Priority Type Strategic Outcome and Programs
Employee Training and Development Ongoing

Criminal and regulatory offences under federal law are prosecuted in an independent, impartial and fair manner.

Programs:

  • Drug, Criminal Code, and terrorism prosecution program
  • Regulatory offences and economic crime prosecution program
  • Internal Services
Description

Why is this a priority?

Providing staff with access to the learning and development tools and opportunities they need to improve their skills and further their professional development contributes to their ability to effectively tackle the complex challenges of today’s prosecutions and operational requirements.

What are the plans for meeting this priority?

  • Finalize the implementation of a framework for enabling formal and informal employee learning and development in both the legal and non-legal employment streams
  • Establish networks for administrative staff for knowledge sharing to assist in identifying and addressing administrative needs and concerns.
  • Ongoing and targeted legal training and development, particularly with regard to the mandatory training required by law societies.
  • Continue to use available user-friendly learning tools including Webinars, e‑learning, practical on-the-job training to promote access to development and learning opportunities to a broader cross-section of employees.
  • Ensure that managers and supervisors receive pertinent management training.
  • Provide training on harassment and discrimination issues, both for managers and employees.
Priority Type Strategic Outcome and Programs
Working Collaboratively with Investigative Agencies Ongoing

Criminal and regulatory offences under federal law are prosecuted in an independent, impartial and fair manner.

Programs:

  • Drug, Criminal Code, and terrorism prosecution program
  • Regulatory offences and economic crime prosecution program
Description

Why is this a priority?

To be effective and efficient as a national prosecutor, the PPSC will continue to strengthen its relationships with investigative agencies by ensuring effective communication at both the local and national levels. It will continue to work collaboratively to ensure consistency and completeness in the investigation files sent to the PPSC and in the legal advice provided by the PPSC.

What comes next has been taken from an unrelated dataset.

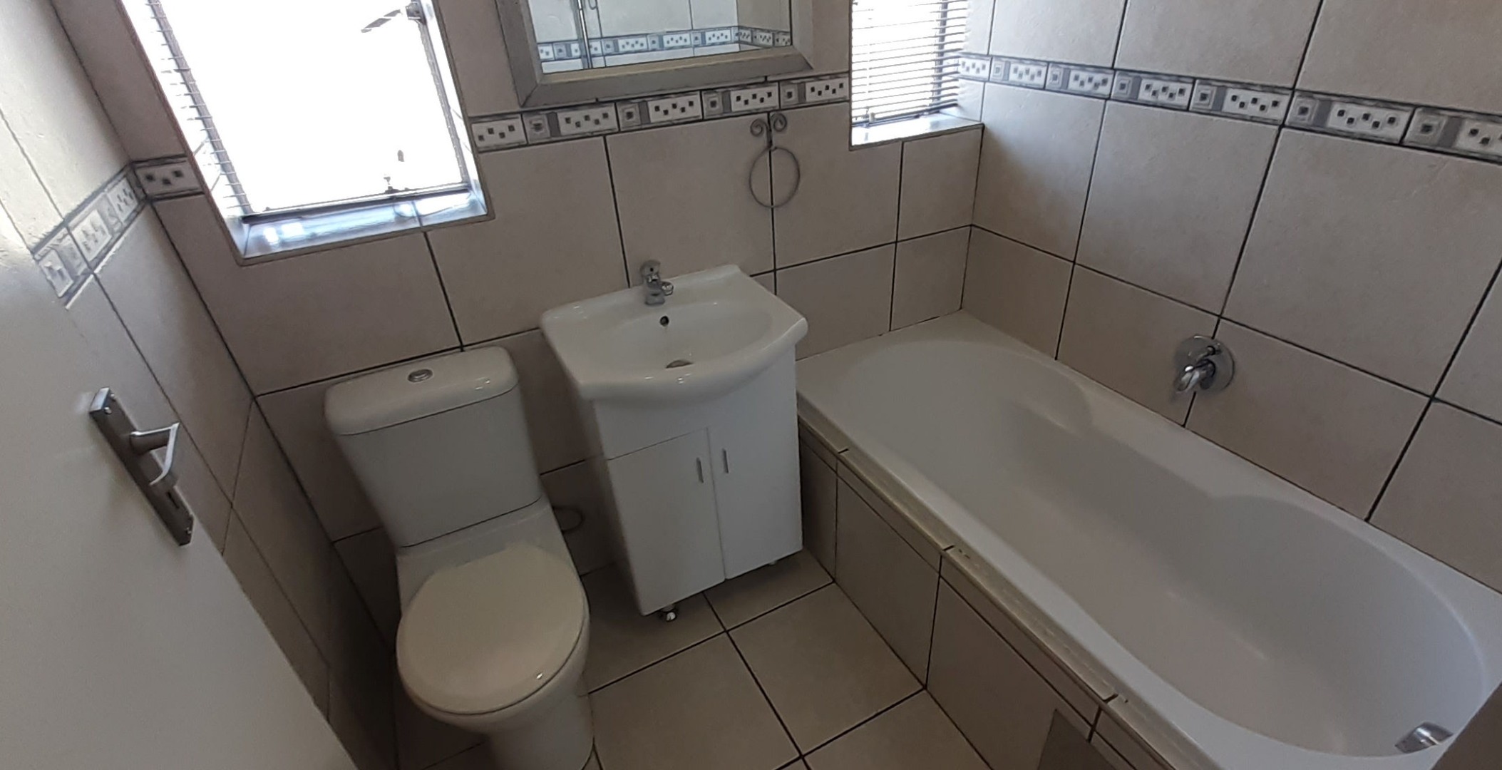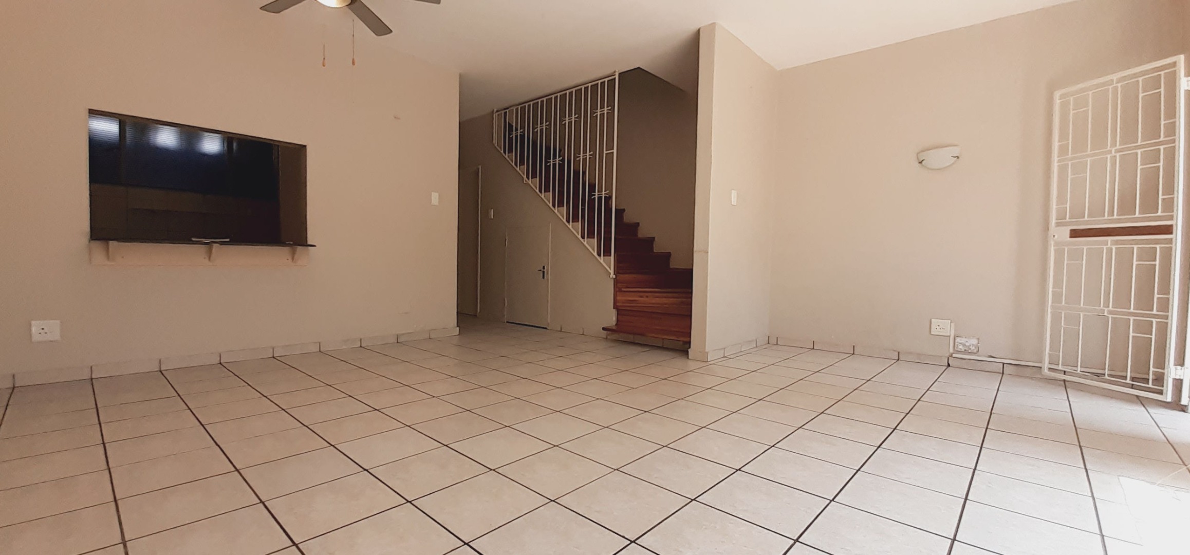 A neat and well-maintained 2-bedroom duplex flat situated in popular Dayan Glen, Boksburg. The unit offers an open-plan living area, a spacious kitchen with a convenient serving hatch and a guest toilet downstairs. Upstairs features the main bedroom and second bedroom, both with ample built-in cupboard space, as well as a full bathroom with a shower over the bath.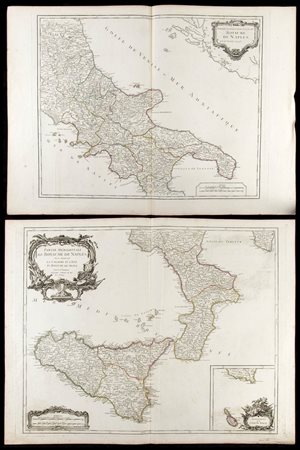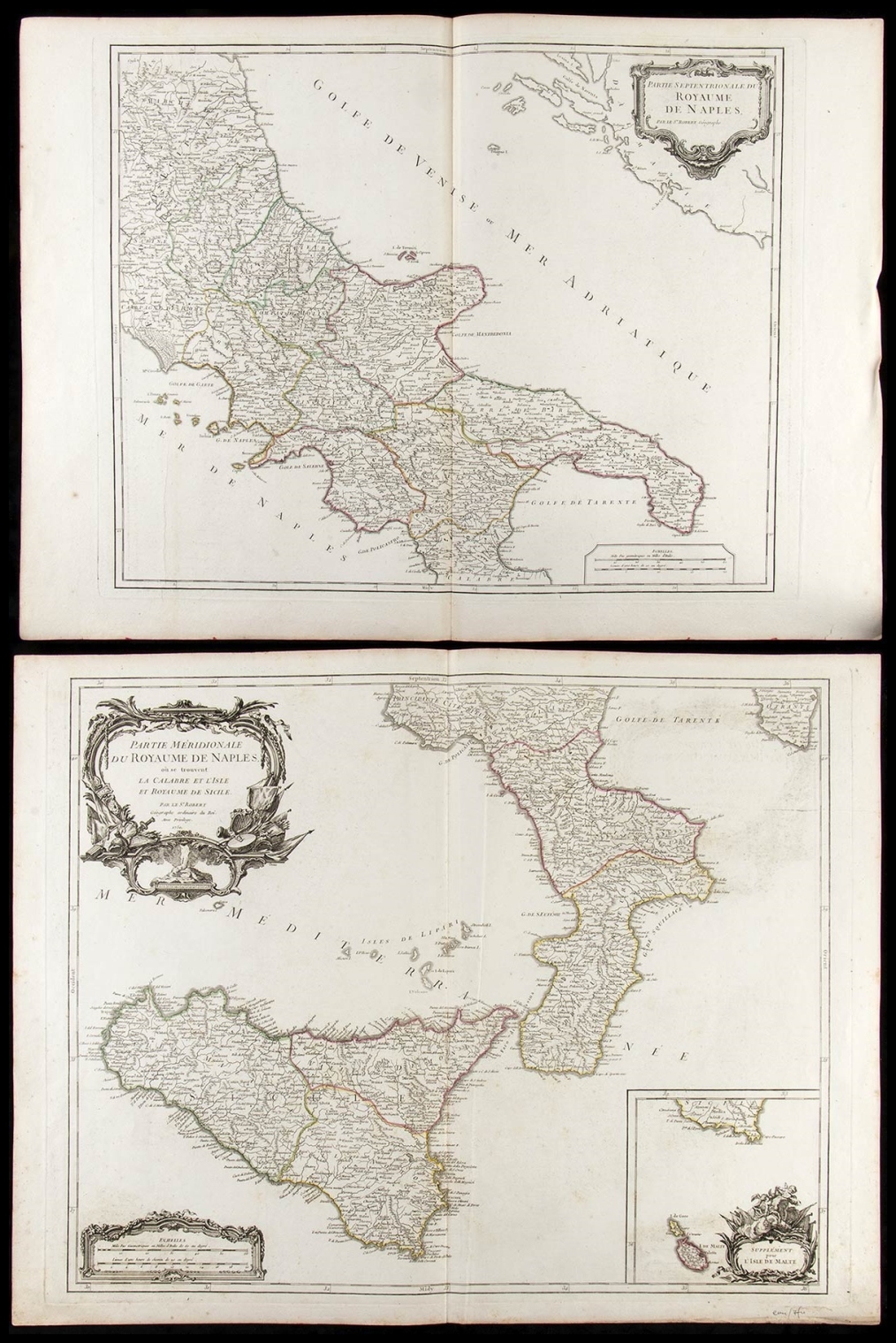 Gilles Robert de Vaugondy (1688-1766): PARTIE SEPTENTRIONALE DU ROYAUME DE NAPLES / PARTIE MERIDIONALE DU ROYAUME DE NAPLES OÙ SE TROUVENT LA CALABRE ET L'ISLE ET ROYAUME DE SICILE

What are the plans for meeting this priority?

  • The PPSC has already made significant progress in broadening the use of the Report to Crown Counsel by the police and other investigative agencies to standardize the information provided to the Crown for court proceedings. It will continue to promote the Report’s use to help ensure ongoing consistency and completeness in the investigation files sent to the PPSC.
  • The PPSC will work in collaboration with investigative agencies to make pre-charge legal advice available in order to better support their work. This collaborative effort will also allow the PPSC and investigative agencies to develop training programs for investigators in keeping with the demands arising from current trends in the law and the ongoing evolution of investigative tools and techniques.
  • In 2014-15, as a follow-up to the 2008 survey of investigative agencies, the PPSC distributed questionnaires to investigative agencies and police services in the provinces and in the territories to seek feedback on the factors that affect investigator perceptions of PPSC services. The survey results will be used to identify possible strategies to further enhance these services and the PPSC’s working relationship with investigative agencies.
  • The PPSC will continue to ensure ongoing communication and liaison with police and investigative agencies, both at the national and local levels and at the management and front-line levels, to discuss overall enforcement priorities and directions, upcoming investigations, project files, and any other matters of mutual interest.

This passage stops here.